The SARS-CoV-2 Epitranscriptome
Epigenetic modifications are known to play important roles in the life cycles of RNA viruses like human CoV. Modified adenosines, for instance, such as m6A, m6Am, and 2'-O-me are reported to affect the viability of specific RNA viruses by modulating viral cap structures, viral replication, innate sensing pathways, and the innate immune response. Furthermore, members of the CoVs encode their own methyltransferases for self-methylating adenosine residues and promoting immune evasion.Thus, the SARS-CoV-2 epitranscriptome may present another suitable target of remedial treatment.
At least 41 prospective RNA modification sites have been located on SARS-CoV-2 transcripts.

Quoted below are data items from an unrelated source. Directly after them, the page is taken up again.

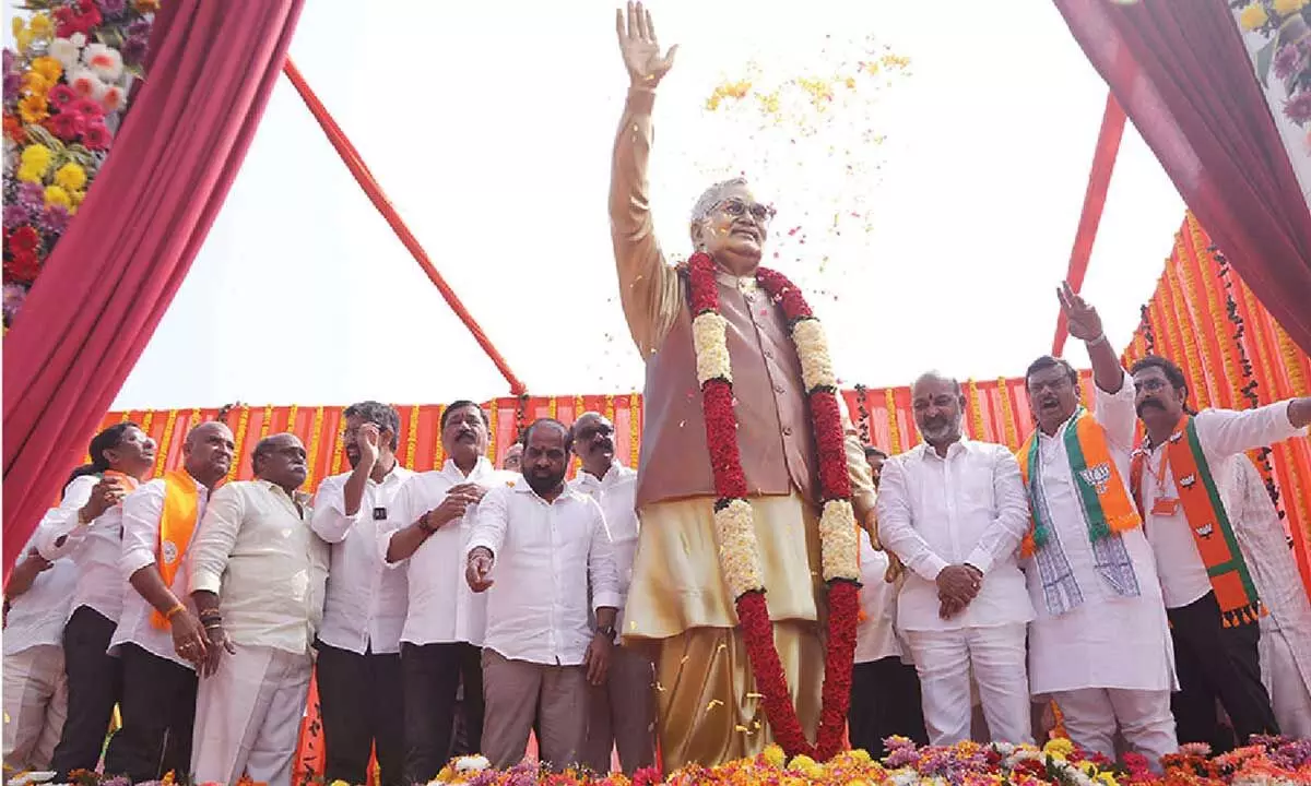 Visakhapatnam: Union Minister of State for Home Affairs, Bandi Sanjay Kumar, unveiled a bronze statue of former Prime Minister Atal Bihari Vajpayee at Park Hotel Circle in Visakhapatnam. Addressing a large gathering of BJP workers and local residents, he lauded Vajpayee as a visionary leader who brought dignity to public office and won the hearts of millions through value-based politics.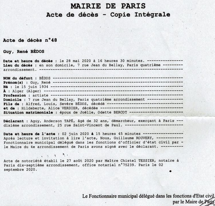 2020 Acte de décès (Paris 4ème, France)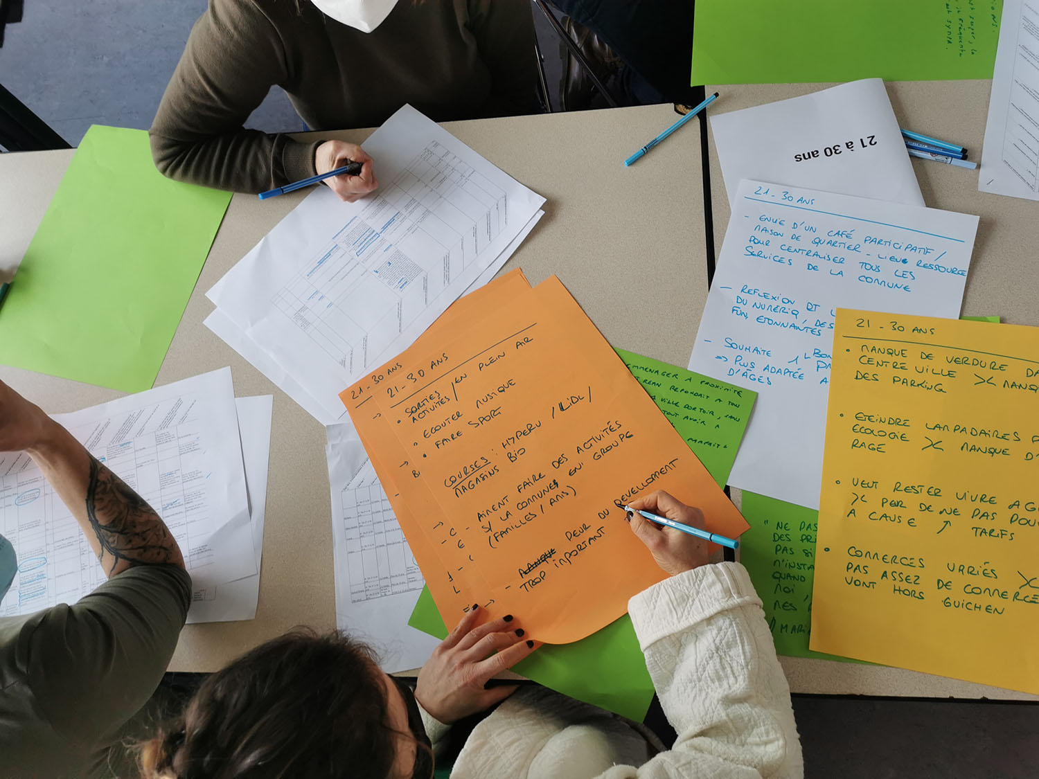 Pour éplucher les résultats, nous avons mené une séance de dépouillage collectif dans chaque ville où l’ensemble du groupe relais et les services des communes étaient invités à découvrir les réponses des habitants et à relever les points saillants, ce qui ressortait le plus ! Un bon temps de cohésion et de mise au travail entre services, habitants et acteurs locaux qui se côtoient mais ne se rencontrent pas forcément dans un cadre tiers.
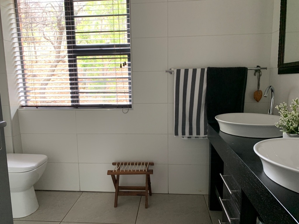 Up another floating staircase lies the private upper level. Here, the main suite offers a tranquil retreat with a walk-in dressing area and a luxurious en-suite bathroom featuring double basins, a shower, and toilet. A second guest bedroom on this level includes its own bathroom and both rooms open through glass sliding doors onto private balconies, offering stunning elevated views of the bushveld.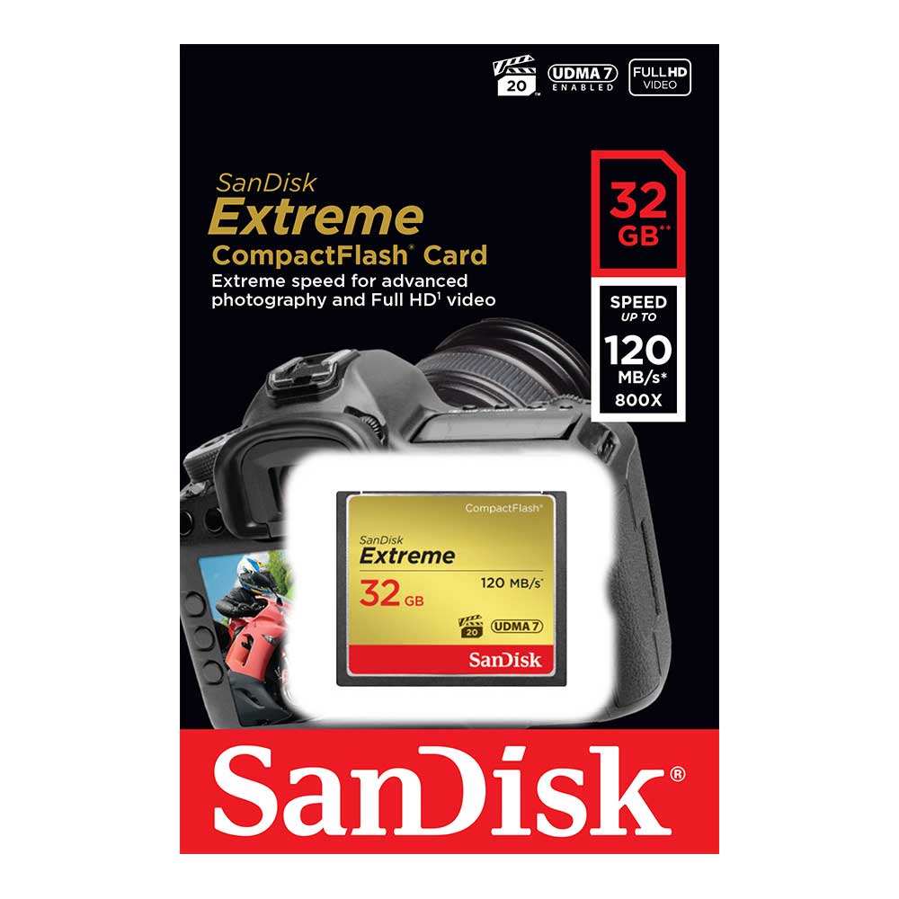 SanDisk 32GB Extreme. Capacité: 32 Go, Type de Carte Flash: CompactFlash, Vitesse de lecture: 120 Mo/s, Vitesse d'écriture: 85 Mo/s. Couleur du produit: Noir, Or, Rouge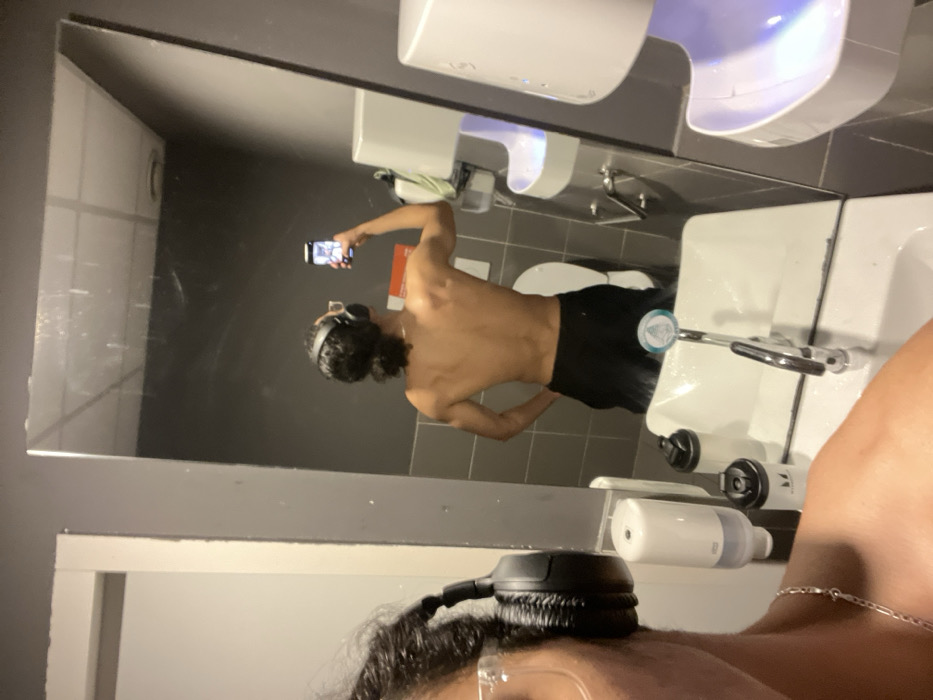The image displays a mirror selfie taken inside a modern public restroom or changing room, likely situated within a fitness facility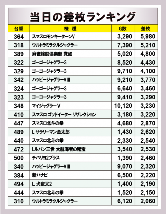 ※記事内の差枚表記はぱちタウン独自調査に基づくものです。ご了承ください。

Among these sites, the AAGAA sequence is the most commonly observed motif. Long viral transcripts (S, 3a, E, and M) and genomic RNA are more frequently modified than shorter RNAs (6, 7a, 7b, 8, and N), and the modification frequency at certain sites is sgRNA species-dependent. Interestingly, the modified RNAs have shorter poly(A) tails than unmodified transcripts. Since the relationship between tailing and RNA turnover is well established, it is possible that these modifications may have an effect on the stability of SARS-CoV-2 RNAs. Additional research is needed to ascertain the particular kinds of modifications (e.g., m6A, 5-mC), their defined roles, and the associated modifying enzymes (e.g., methyltransferases, demethylases).